October 2, 2025 by Peg Leave a Comment

This week starts the seven-week online course for Special & Ethical Considerations for the Rural Court Judge sponsored by the National Judicial College (six weeks online meetings with one week break in the middle). As a member of the NJC faculty, I have helped teach this course for fifteen years. The other faculty members are judges from Nevada, Mississippi, Tennessee and California. The student judges preside in rural trial courts in several states. We meet via Zoom. Our first week’s session will concentrate on the topic of Judicial Isolation involving rural court judges. The lead faculty member is Judge Pat Lenzi from Nevada.

Judges who serve in smaller jurisdictions often find themselves with the warmth of law books as their main colleagues. Due to the ethical restrictions on judges to not discuss legal matters, judges who serve in sparse areas with few other judges often find themselves with no one to help them test many important decisions before peoples’ lives are dramatically affected.
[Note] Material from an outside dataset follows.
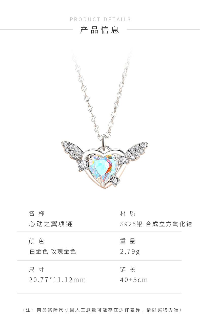 Heart wing necklace White Gold, Heart wing necklace rose gold

As a judge for more than forty years in a rural court environment that had only two judges, I know the need for unbiased, informed, non-partisan input in many vital decisions. Of course, it is not just judges who can benefit from sage, well intentioned consultation. Many of the techniques for dealing with judicial isolation can be applied to help non-judges make better choices in life. As most couples come to realize, when their relationships hit rough spots, it is often because the parties do not make the effort to communicate; they isolate themselves and their partners. What often follows are misunderstandings that can lead to unintended bad consequences.

So the first suggestion to deal with isolation that may lead to bad decisions is for us to set aside our pride and reach out to others, especially to others who have our best interests at heart. With Rural Court Judges that might be a fellow rural court judge in our own or a nearby jurisdiction. With non-judges it might be a neighbor, a clergyman or work acquaintance.

Another help can be involvement in judicial associations or continuing judicial education meetings, for example, participation in NJC courses or civic clubs, such as Rotary, the Elks, BPW and numerous other service groups. Such work helps us break out of our isolation and, also, can do a lot of good for our local society without requiring the exchange of intimacy or the discomfort of too much closeness. We can set our own limits and honor those of others while forging lines of open communication when desired.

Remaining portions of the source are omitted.